What It’s Like to Be Smeared by the Southern Poverty Law Center

Posted by on Sep 12, 2017 at 7:23 am

What landed me in the SPLC’s crosshairs was a Sept. 10, 2009, Huffington Post blog entry titled “Mission Creep and the Southern Poverty Law Center’s Misguided Focus.” I pointed out the SPLC’s silence about video footage released after the 2008 elections showing members of the New Black Panther Party, decked out in full paramilitary regalia, patrolling a polling precinct in Philadelphia where they were clearly intimidating white voters.

Although several news organizations covered the story, the SPLC ignored the incident. At the time, the law center was spending an inordinate amount of time attacking then-CNN host Lou Dobbs for his relentless focus on illegal immigration. It demanded that CNN fire the anchor. After CNN and Mr. Dobbs parted ways, the SPLC took credit for getting him off the air. I ended my post with a one-liner that raised the ire of the organization and had a devastating effect on my life. I wrote: “Rather than monitoring hate groups, the Southern Poverty Law Center has become one.”

The SPLC’s retaliation was vicious and effective.
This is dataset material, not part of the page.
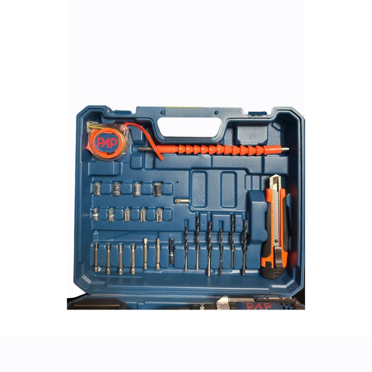 از دیگر اقلام همراه دریل میتوان به : متر - رابط بکس - سری بکس - کاتر - تراز دستی روی دریل - چراغ LED بر روی دستگاه اشاره کرد دارای ترکمتر ۲۵ حالته است
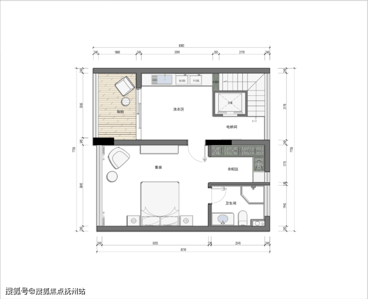 三楼划分为客房供客人居住和洗衣区晾晒阳台为家庭清洁衣物使用。

On Oct. 17, 2009, my photo appeared on the front page of my local newspaper, the Tennessean, with the headline “ Carol Swain is an apologist for white supremacists.” That was a quote from Mark Potok, at the time the SPLC’s national spokesman. The context for Mr. Potok’s attack was a review I gave for a film titled “A Conversation About Race.” I endorsed it for classroom use because it offered a perspective on race rarely encountered on university campuses. Mr. Potok argued that the filmmaker was a bigot. I felt then and now that the perspective needed to be heard.
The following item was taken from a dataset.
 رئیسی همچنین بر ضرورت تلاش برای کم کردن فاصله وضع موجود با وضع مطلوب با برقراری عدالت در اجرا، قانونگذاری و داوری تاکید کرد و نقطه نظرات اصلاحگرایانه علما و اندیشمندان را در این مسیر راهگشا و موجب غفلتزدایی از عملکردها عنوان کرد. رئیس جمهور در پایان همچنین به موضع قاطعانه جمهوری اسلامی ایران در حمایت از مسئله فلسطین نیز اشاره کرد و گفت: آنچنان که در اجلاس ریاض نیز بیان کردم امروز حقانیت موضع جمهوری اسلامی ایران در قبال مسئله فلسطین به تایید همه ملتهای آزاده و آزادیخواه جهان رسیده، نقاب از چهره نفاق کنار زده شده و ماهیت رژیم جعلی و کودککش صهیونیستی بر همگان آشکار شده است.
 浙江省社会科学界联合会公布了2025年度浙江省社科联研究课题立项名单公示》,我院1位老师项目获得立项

This negative article was featured on the front pages of several newspapers and it went viral, especially in black media outlets. The attacks did not subside until this newspaper’s website published a lengthy article titled “In Defense of Carol Swain.”

Being targeted by the SPLC has had a lasting impact on my life and career. Offers from other universities ended and speaking opportunities declined. Once you’ve been smeared in this way, mainstream news outlets are less likely to cite you as an expert of any kind.